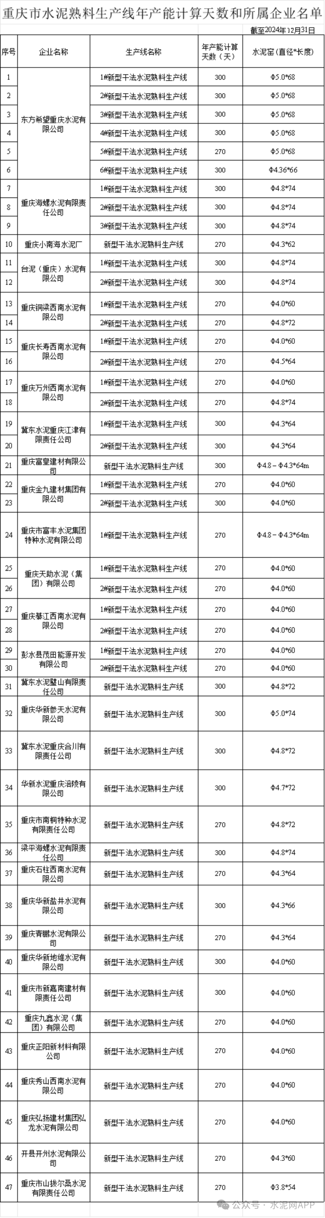 4月24日,重慶市經濟和信息化委員會發(fā)布關于重慶市水泥熟料生產線年產能計算天數(shù)和所屬企業(yè)名單的公示。
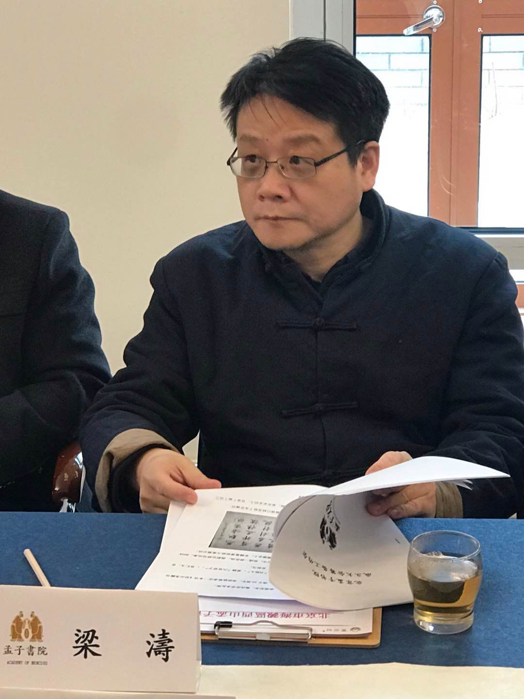 (图)中国人民大学国学院副院长、教授、博士生导师,北京孟子书院学术委员会主任梁涛发言。
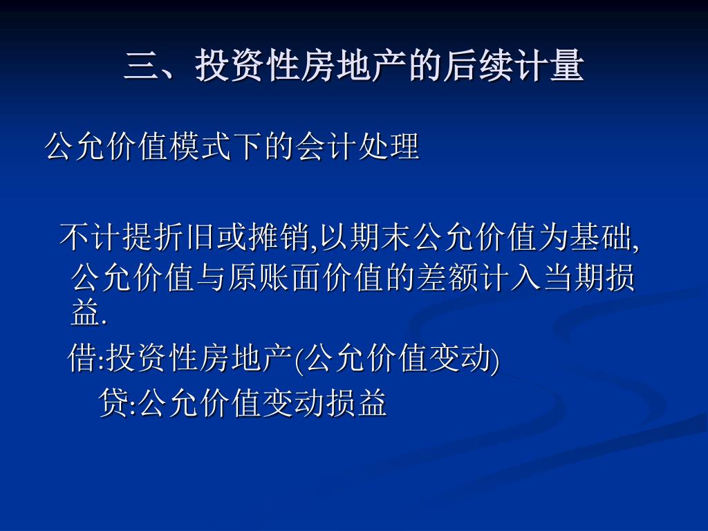 三、投资性房地产的后续计量 公允价值模式下的会计处理 不计提折旧或摊销,以期末公允价值为基础,公允价值与原账面价值的差额计入当期损益. 借:投资性房地产(公允价值变动) 贷:公允价值变动损益
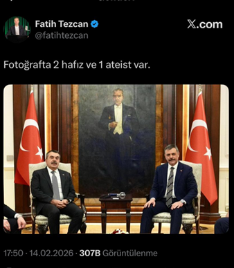 14. Analiz Tv adındaki Youtube kanalında program yapan Cumhuriyet ve Atatürk düşmanı Fatih Tezcan, sosyal medya hesabından, AKP’li Milli Eğitim Bakanı Yusuf Tekin ile AKP’li İçişleri Bakanı’nın makamda fonda Atatürk resmi olan fotoğrafını “fotoğrafta 2 hafız ve 1 atesit var” ifadeleriyle paylaştı. (14 Şubat)
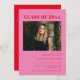 La tipografía audaz es una invitación a una fiesta de graduación de fotografía moderna en rosa y rojo brillante
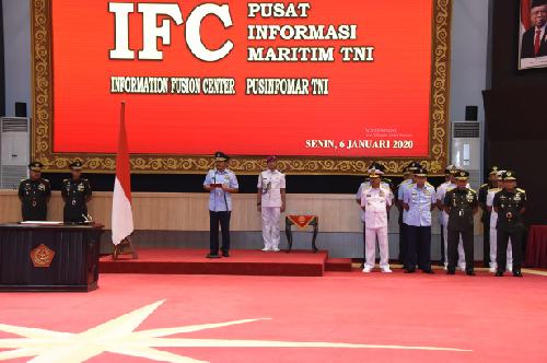 Panglima TNI Marsekal TNI Dr. (H.C.) Hadi Tjahjanto, S.I.P., meresmikan Pusat Informasi Maritim (Pusinfomar) TNI, bertempat di Aula Gatot Soebroto Mabes TNI, Cilangkap, Jakarta Timur, Senin (6/1/2020).
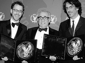 2007年導(dǎo)演工會(huì)獎(jiǎng)上周日揭曉,其中電影部分的“最佳導(dǎo)演”給了《老無(wú)所依》的導(dǎo)演科恩兄弟,去年這個(gè)獎(jiǎng)的最佳導(dǎo)演馬丁.斯科賽斯為他們頒發(fā)了這一獎(jiǎng)項(xiàng)。其他4位獲得提名的導(dǎo)演:分別是《血色黑金》的保羅.托馬斯.安德森、執(zhí)導(dǎo)《英雄不問(wèn)出處》的托尼.吉爾羅伊、執(zhí)導(dǎo)《荒野生存》的肖恩.潘《荒野生存》以及《潛水鐘與蝴蝶》的導(dǎo)演朱利安.施納貝爾。導(dǎo)演工會(huì)獎(jiǎng)由導(dǎo)演工會(huì)的一萬(wàn)多名成員投票評(píng)選,在過(guò)去的59屆中有53次與奧斯卡最佳導(dǎo)演結(jié)果吻合。□聞?dòng)?
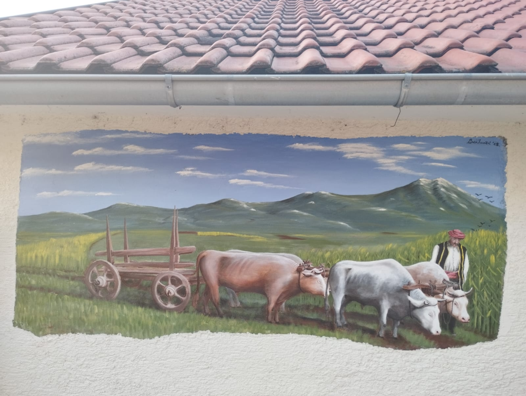 Još jedan mural, vrijedan spomena, Bože je naslikao prije nekoliko godina na obiteljskoj kući u Dobrićima. Ovaj je mural naslikan uljanim bojama i prikazuje radove u nekadašnjem polju – Buškom Blatu (današnje Buško jezero). Žito, koje se kosilo i pripremalo za vršenje, prevozilo se zaprežnim kolima.
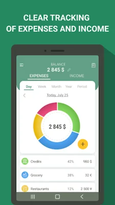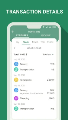 The app also offers detailed reports for different time periods and categories of expenses, giving users the ability to sort transactions by date or amount. This level of customization makes finance monitoring simpler and more personalized for each user.
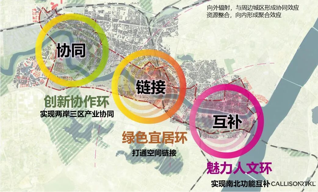 我们认为,首先只有让城市的血脉畅通才能产生有力的脉搏,城市才能良性的循环和健康的生长。昼夜循环的交通系统毋庸置疑视为城市主动脉,我们以现有城市道路为切入点,将原来以交通为导向的道路重新梳理,定义成为缝合两岸的人文环、绿色环、产业环。尝试从营造人文场景,提升开放空间环境,加强两岸功能对话,三个角度出发塑造三环。
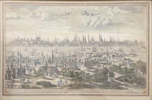 s.d. [XVIIIe siècle]. Gravure sur cuivre coloriée (52 x 34 cm à vue), sous verre, cadre en bois doré. Épreuve coloriée de ce beau panorama d'Istanbul, légendé dans la partie inférieure.
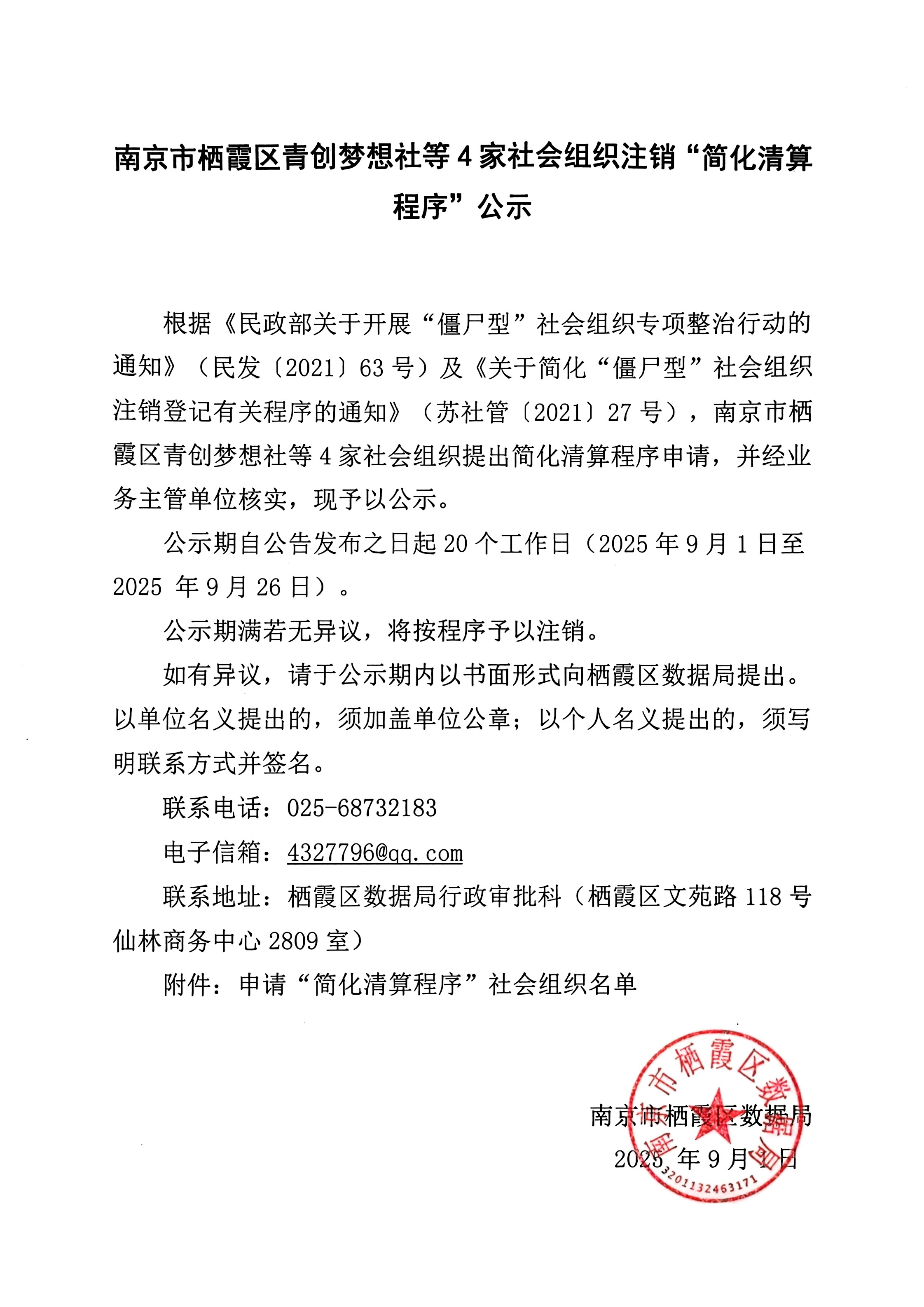 南京市栖霞区青创梦想社等4家社会组织注销“简化清算程序公示
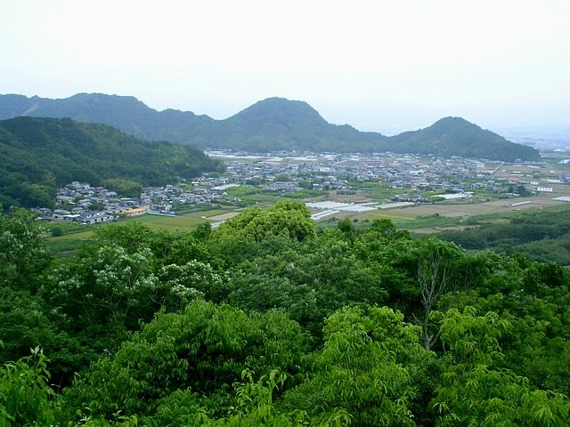 北西の北江間方向。中央左の山裾が義時菩提寺の北條寺、義時舘跡も近い。
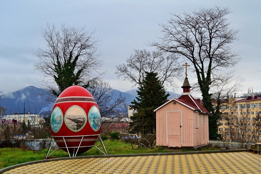 Огромное пасхальное яйцо, расписанное видами города.
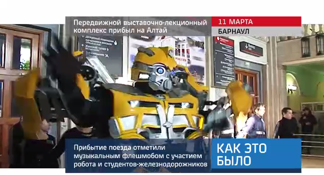 Танцевальным флешмобом с участием робота отметили прибытие в Алтайский край передвижного выставочно-лекционного комплекса. Его работа приурочена к 80-летию ревизорского аппарата РЖД.
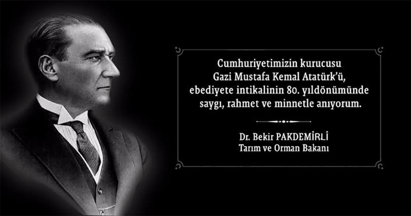 Tarım ve Orman Bakanı Dr. Bekir Pakdemirli, 10 Kasım Atatürk'ü Anma Günü dolayısıyla bir mesaj yayınladı.

About this exercise: Write out the records word for word. Pictures stay out.

Solution for this task:
 4月24日,重慶市經濟和信息化委員會發(fā)布關于重慶市水泥熟料生產線年產能計算天數(shù)和所屬企業(yè)名單的公示。
 (图)中国人民大学国学院副院长、教授、博士生导师,北京孟子书院学术委员会主任梁涛发言。
 三、投资性房地产的后续计量 公允价值模式下的会计处理 不计提折旧或摊销,以期末公允价值为基础,公允价值与原账面价值的差额计入当期损益. 借:投资性房地产(公允价值变动) 贷:公允价值变动损益
 14. Analiz Tv adındaki Youtube kanalında program yapan Cumhuriyet ve Atatürk düşmanı Fatih Tezcan, sosyal medya hesabından, AKP’li Milli Eğitim Bakanı Yusuf Tekin ile AKP’li İçişleri Bakanı’nın makamda fonda Atatürk resmi olan fotoğrafını “fotoğrafta 2 hafız ve 1 atesit var” ifadeleriyle paylaştı. (14 Şubat)
 La tipografía audaz es una invitación a una fiesta de graduación de fotografía moderna en rosa y rojo brillante
 Panglima TNI Marsekal TNI Dr. (H.C.) Hadi Tjahjanto, S.I.P., meresmikan Pusat Informasi Maritim (Pusinfomar) TNI, bertempat di Aula Gatot Soebroto Mabes TNI, Cilangkap, Jakarta Timur, Senin (6/1/2020).
 2007年導(dǎo)演工會(huì)獎(jiǎng)上周日揭曉,其中電影部分的“最佳導(dǎo)演”給了《老無(wú)所依》的導(dǎo)演科恩兄弟,去年這個(gè)獎(jiǎng)的最佳導(dǎo)演馬丁.斯科賽斯為他們頒發(fā)了這一獎(jiǎng)項(xiàng)。其他4位獲得提名的導(dǎo)演:分別是《血色黑金》的保羅.托馬斯.安德森、執(zhí)導(dǎo)《英雄不問(wèn)出處》的托尼.吉爾羅伊、執(zhí)導(dǎo)《荒野生存》的肖恩.潘《荒野生存》以及《潛水鐘與蝴蝶》的導(dǎo)演朱利安.施納貝爾。導(dǎo)演工會(huì)獎(jiǎng)由導(dǎo)演工會(huì)的一萬(wàn)多名成員投票評(píng)選,在過(guò)去的59屆中有53次與奧斯卡最佳導(dǎo)演結(jié)果吻合。□聞?dòng)?
 Još jedan mural, vrijedan spomena, Bože je naslikao prije nekoliko godina na obiteljskoj kući u Dobrićima. Ovaj je mural naslikan uljanim bojama i prikazuje radove u nekadašnjem polju – Buškom Blatu (današnje Buško jezero). Žito, koje se kosilo i pripremalo za vršenje, prevozilo se zaprežnim kolima.
 The app also offers detailed reports for different time periods and categories of expenses, giving users the ability to sort transactions by date or amount. This level of customization makes finance monitoring simpler and more personalized for each user.
 我们认为,首先只有让城市的血脉畅通才能产生有力的脉搏,城市才能良性的循环和健康的生长。昼夜循环的交通系统毋庸置疑视为城市主动脉,我们以现有城市道路为切入点,将原来以交通为导向的道路重新梳理,定义成为缝合两岸的人文环、绿色环、产业环。尝试从营造人文场景,提升开放空间环境,加强两岸功能对话,三个角度出发塑造三环。
 s.d. [XVIIIe siècle]. Gravure sur cuivre coloriée (52 x 34 cm à vue), sous verre, cadre en bois doré. Épreuve coloriée de ce beau panorama d'Istanbul, légendé dans la partie inférieure.
 南京市栖霞区青创梦想社等4家社会组织注销“简化清算程序公示
 北西の北江間方向。中央左の山裾が義時菩提寺の北條寺、義時舘跡も近い。
 Огромное пасхальное яйцо, расписанное видами города.
 Танцевальным флешмобом с участием робота отметили прибытие в Алтайский край передвижного выставочно-лекционного комплекса. Его работа приурочена к 80-летию ревизорского аппарата РЖД.
 Tarım ve Orman Bakanı Dr. Bekir Pakdemirli, 10 Kasım Atatürk'ü Anma Günü dolayısıyla bir mesaj yayınladı.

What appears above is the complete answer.